Kinda looks like under my floor. Mine did not have much room for a whole lot of foam. Should be easy to redo at least. I did not put foam under my floor and everyone on here had a heart attack so put it in unless you want a bunch of sh!t.


----------



## Kowalski (Jul 25, 2018)

"Kinda looks like under my floor. Mine did not have much room for a whole lot of foam. Should be easy to redo at least. I did not put foam under my floor and everyone on here had a heart attack so put it in unless you want a bunch of sh!t." 

Ha Ha Ha message boards can be brutal


----------



## ChristianBrat (Jan 6, 2020)

Adam89 said:


> Sooo there wasn’t foam under my flooring. Would y’all suggest putting foam down?


I would put foam in. It's cheap insurance. Just make sure you put chase tubes in first


----------



## Adam89 (Nov 12, 2019)

ChristianBrat said:


> I would put foam in. It's cheap insurance.

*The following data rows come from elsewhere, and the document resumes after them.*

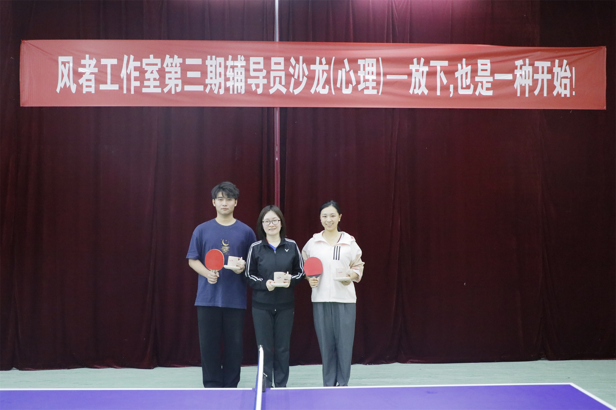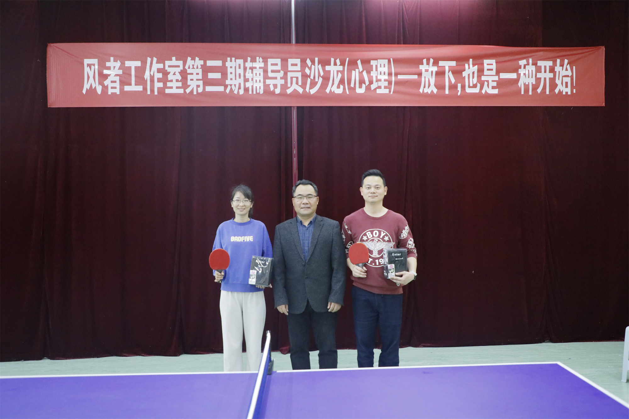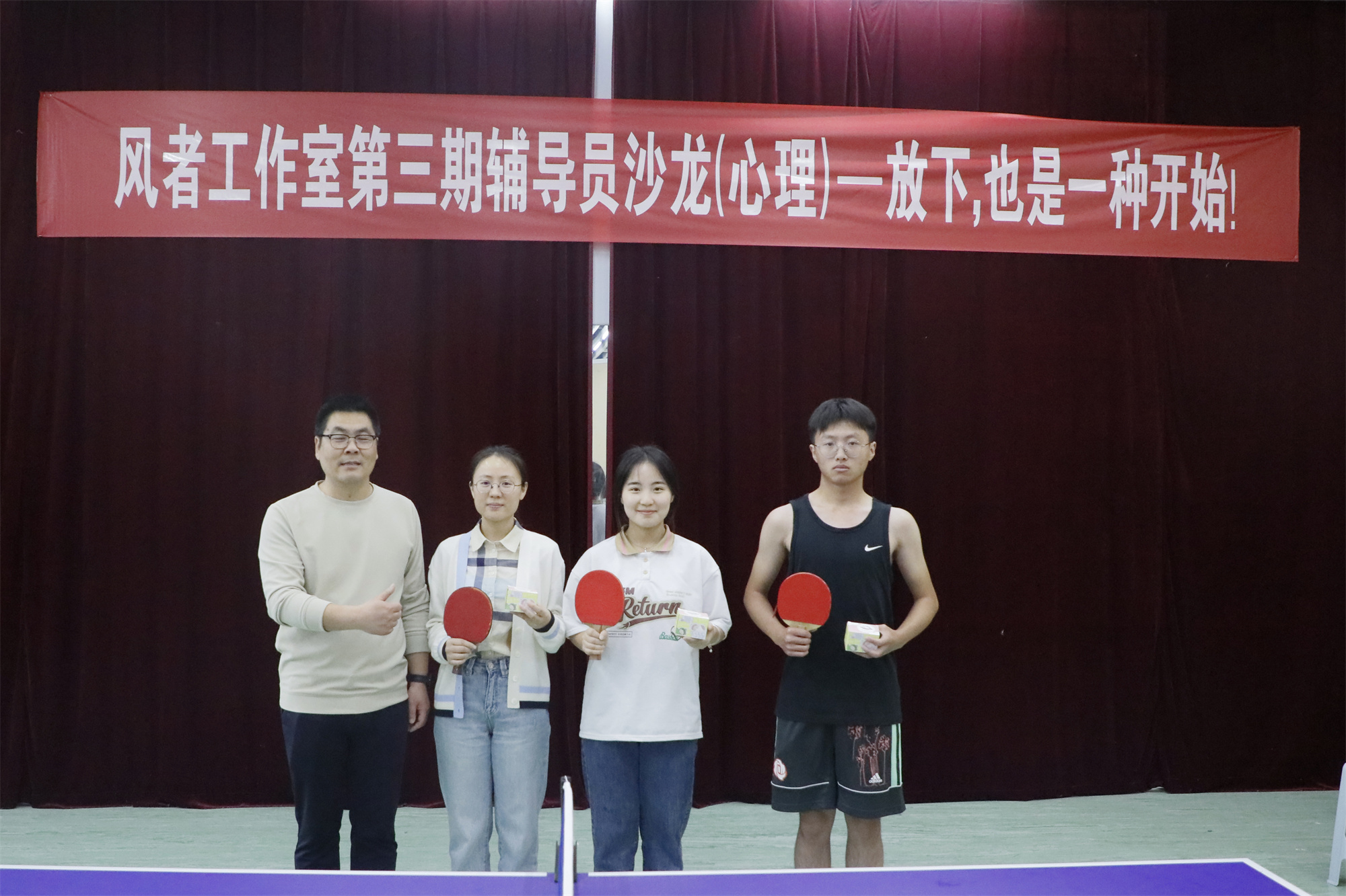 为缓解心理健康工作队伍工作压力,加强辅导员、心理委员自我关爱,减轻助人育人工作中的耗竭感,补充心理能量、赋能自我成长,积极营造崇尚身心健康的校园氛围。5月10日下午,学生工作处心理健康发展中心、风者辅导员工作室在心理健康发展中心B309活动室“阳光运动场”联合举办心理辅导员沙龙活动。本期活动以“放下,也是一种开始”为主题,以乒乓球娱乐赛的形式开展,旨在通过放松的乒乓球运动,为心理健康工作队伍的师生减压放松,补充能量。校党委常委、副校长卜慧芬及学工处负责人,心理健康发展中心工作人员、各学院心理辅导员、年级辅导员及学生心理志愿者代表50多人参加活动。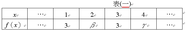 7. 已知線型函數f(x)=ax+b,其對應關係如表(一)。求β+γ=?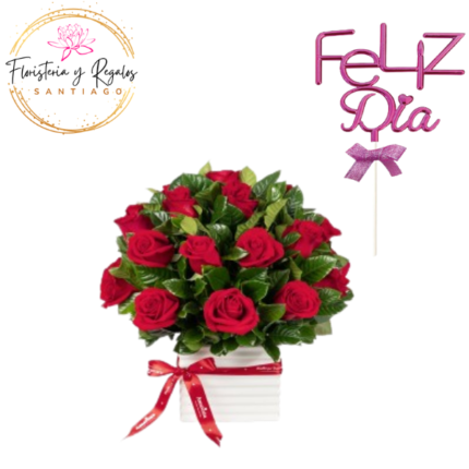 BOX 18 ROSAS CON BOMBONERA 6 BOMBONES

Just make sure you put chase tubes in first


Chase tubes???


----------



## BassFlats (Nov 26, 2018)

Conduits for wires/cables or for draining water


----------



## Adam89 (Nov 12, 2019)

BassFlats said:


> Conduits for wires/cables or for draining water


How do y’all decide where to come up with the conduit? I mean I have a good idea where my grab bar will go but it would have to be exact since I want to hide the wires as much as possible


----------



## yobata (Jul 14, 2015)

Adam89 said:


> How do y’all decide where to come up with the conduit? I mean I have a good idea where my grab bar will go but it would have to be exact since I want to hide the wires as much as possible


Put a sheet of plywood in boat, stand in boat on top of plywood, place your hand where you think the most comfortable place for the grab bar will be (It helps to have the grab bar already for this step). Mark the location and set your conduit there...


----------



## Adam89 (Nov 12, 2019)

All of the inside is cut out. The grab bar should be done by next weekend. I’m going to start glassing the whole inside for structural integrity. I have a good idea for my layout. Front deck will be 5ft long and back deck will be 3ft long


----------



## GoGataGo52__20 (Jun 26, 2016)

Lookin good man, now it's ready to rebuild.


----------



## Adam89 (Nov 12, 2019)

GoGataGo52__20 said:


> Lookin good man, now it's ready to rebuild.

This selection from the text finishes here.